[GIVEN DATA — start]

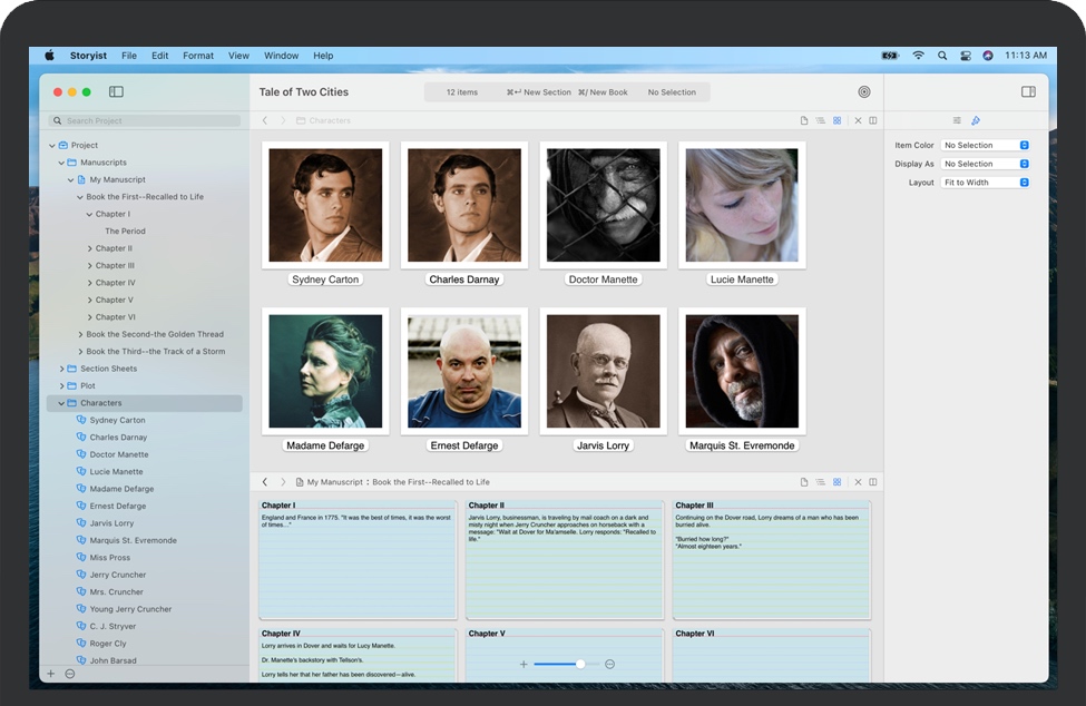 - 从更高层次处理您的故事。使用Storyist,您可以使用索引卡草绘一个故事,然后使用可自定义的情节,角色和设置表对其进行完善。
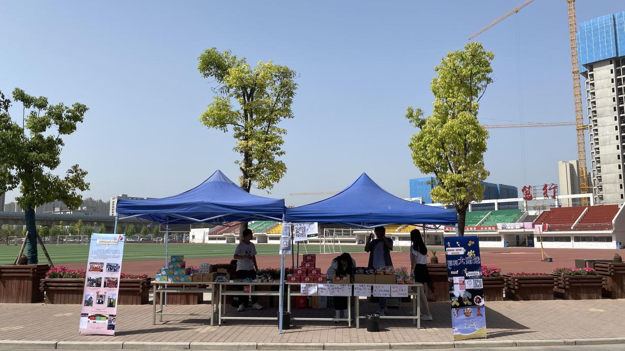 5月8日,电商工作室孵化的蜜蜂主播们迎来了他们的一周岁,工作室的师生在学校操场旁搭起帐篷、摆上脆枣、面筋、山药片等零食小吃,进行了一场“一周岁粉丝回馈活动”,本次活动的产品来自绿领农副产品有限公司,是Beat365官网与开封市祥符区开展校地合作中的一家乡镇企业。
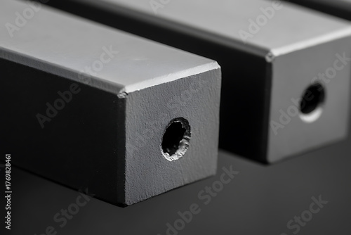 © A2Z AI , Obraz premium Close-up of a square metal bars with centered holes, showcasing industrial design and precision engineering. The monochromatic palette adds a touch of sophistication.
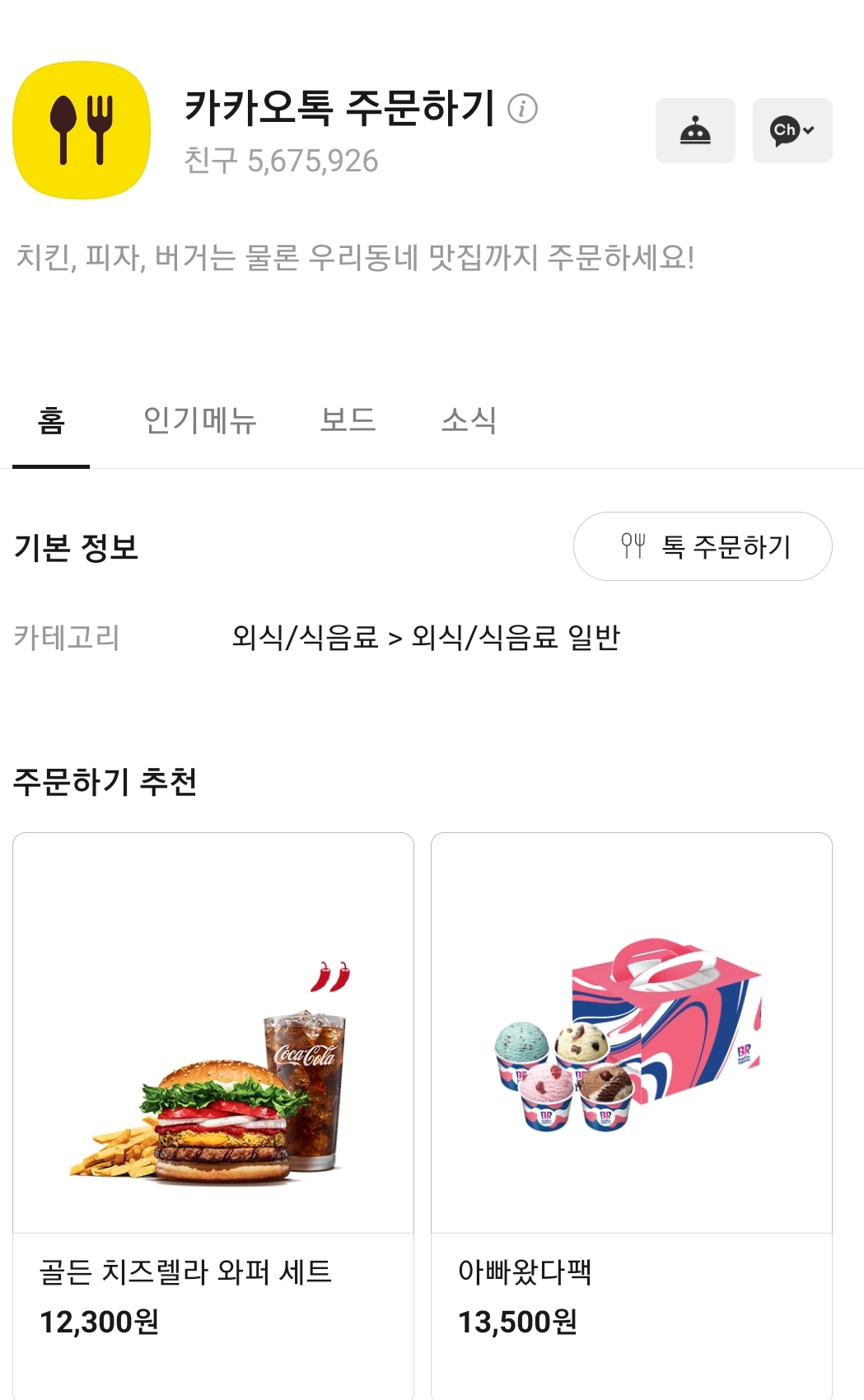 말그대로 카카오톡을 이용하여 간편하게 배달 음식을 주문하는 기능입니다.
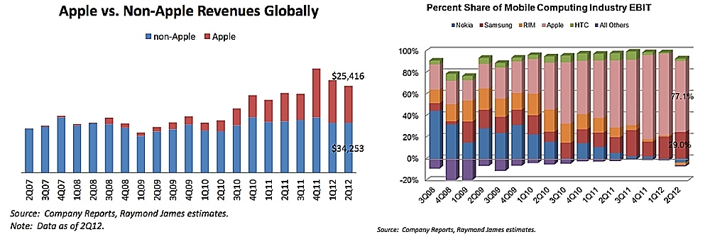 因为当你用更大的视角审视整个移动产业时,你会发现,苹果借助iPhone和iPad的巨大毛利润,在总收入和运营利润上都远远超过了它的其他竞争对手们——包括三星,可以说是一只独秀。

[GIVEN DATA — finish]

## EXERCISE GOAL
Leave out the pictures; repeat the data exactly.

## ANSWER AREA
 - 从更高层次处理您的故事。使用Storyist,您可以使用索引卡草绘一个故事,然后使用可自定义的情节,角色和设置表对其进行完善。
 5月8日,电商工作室孵化的蜜蜂主播们迎来了他们的一周岁,工作室的师生在学校操场旁搭起帐篷、摆上脆枣、面筋、山药片等零食小吃,进行了一场“一周岁粉丝回馈活动”,本次活动的产品来自绿领农副产品有限公司,是Beat365官网与开封市祥符区开展校地合作中的一家乡镇企业。
 © A2Z AI , Obraz premium Close-up of a square metal bars with centered holes, showcasing industrial design and precision engineering. The monochromatic palette adds a touch of sophistication.
 말그대로 카카오톡을 이용하여 간편하게 배달 음식을 주문하는 기능입니다.
 因为当你用更大的视角审视整个移动产业时,你会发现,苹果借助iPhone和iPad的巨大毛利润,在总收入和运营利润上都远远超过了它的其他竞争对手们——包括三星,可以说是一只独秀。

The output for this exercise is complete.